Life without Anorexia
My motto is 'Dont let the sadness of your past & the fear of your future ruin the happiness of your present'
I am a generally happy girl who loves running, going to the gym and eating food!! Though my life has been very different.
I spent 5 years sick with anorexia nervosia & purging tendencies & over exercising. I was depressed and self harmed. I spent 2 years in different treatment centres.
After alot of struggles, lots of ups and downs, suicide attempts, tears, anxiety, panic and never thinking i would be healthy.
I am now declared healthy from anorexia nervosia.
I have been blogging for 4 years, and my whole journey is written in my posts. I now represent healthy and happiness. I want to show anyone struggling that it is possible to recover, no matter how hard it may seem.
I am happy and healthy and living my life. Going to school, meeting friends and trying to find myself in this world.
I write about my daily life, but also try to write posts about how it was when i was sick, advice and tips.
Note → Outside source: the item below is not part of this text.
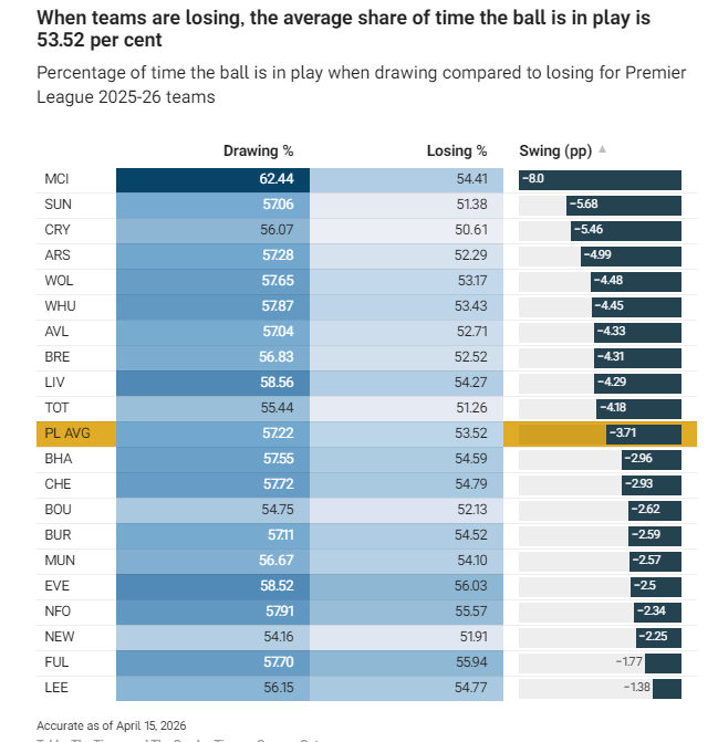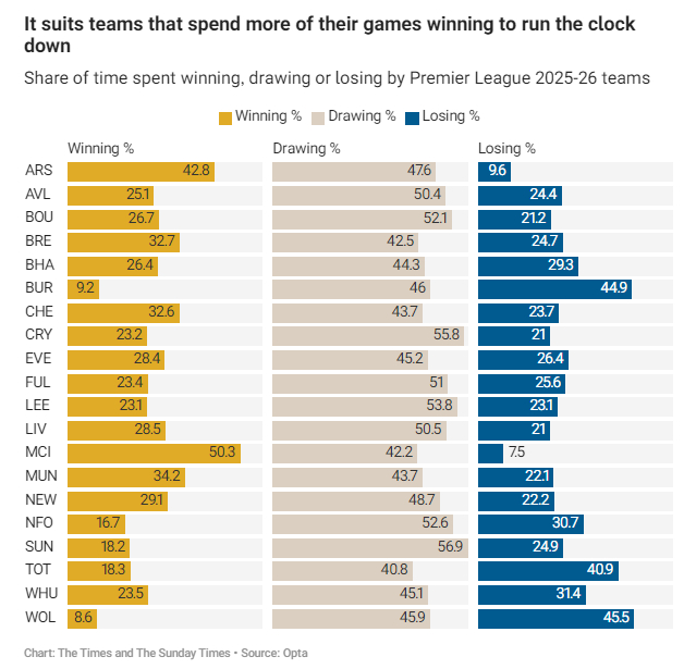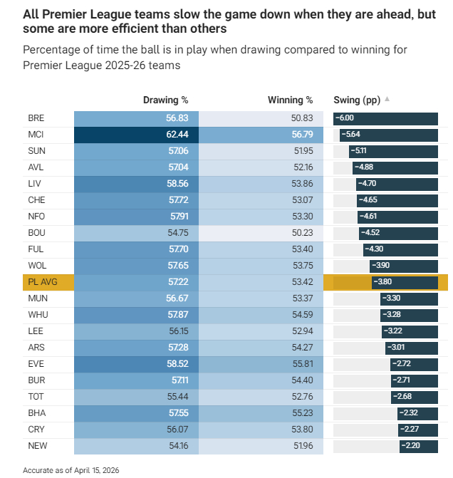 其中差值最为显眼的是曼城与切尔西:这两支平局时开球最快的球队,领先时分别多耗时13.76秒与12.88秒,阿森纳则以10.64秒紧随其后。

I am open and friendly, so dont be scared about writing a post or sending me an email at: email@example.com
Thursday, May 14, 2015
Where does the time go?
It's 5.30pm and it feels like the first time i am opening my computer! Or the first time to do something productive on my computer anyway!!! I really dont know where this day has gone? Trying to think about what i have done, and it doesnt feel like so much.... Cleaning - the house, my room. Got stuck rearranging my room as well as sorting through old documents. Lots of old notebooks, diaries and things i had written while sick. I could spend hours reading them all - i wrote betgween 5-10 pages everyday while i was sick as that was my outlet, even if i wrote alot online, there is still alot which hasnt been published online. Even now a days there is alot of personal things and things i have gone through, experienced, done etc which arent published online, its even more important to be aware of what i post online when my blog is bigger and also to be aware of who my readers are! :)
Not sure why i wrote about that? Hahah, i guess i was just thinking about it.
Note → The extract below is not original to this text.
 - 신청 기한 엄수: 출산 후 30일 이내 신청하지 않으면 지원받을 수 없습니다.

But its a good way to enter into the thing i was planning to write today.... I actually forgot i had a blog? Crazy i know. That NEVER happens... i always schedule or plan blog posts but today i completely forgot, and its not until now that i remembered that maybe i should write something. Though the truth is, i dont have so much to write. I went to my new gym today and even if i have been going to the gym for 3 years, i felt like a newbie there! hahaa. But i am sure it will begin feeling like my second home soon :) After that it was a whole load of oatmeal and sandwiches which have been eaten as well as a 'take care of myself/spa session' which makes me feel so refreshed and new!!! Stress takes its toll on my hair, skin and nails and i just walk around looking like a mess not having the energy or time to do anything about it :) But now i feel 'prettier' :):)
And now in about 5 minutes time my boyfriend will be here and we're going to eat dinner at my place! :)
What are your plans for this Thursday evening? :) How have you spent your day?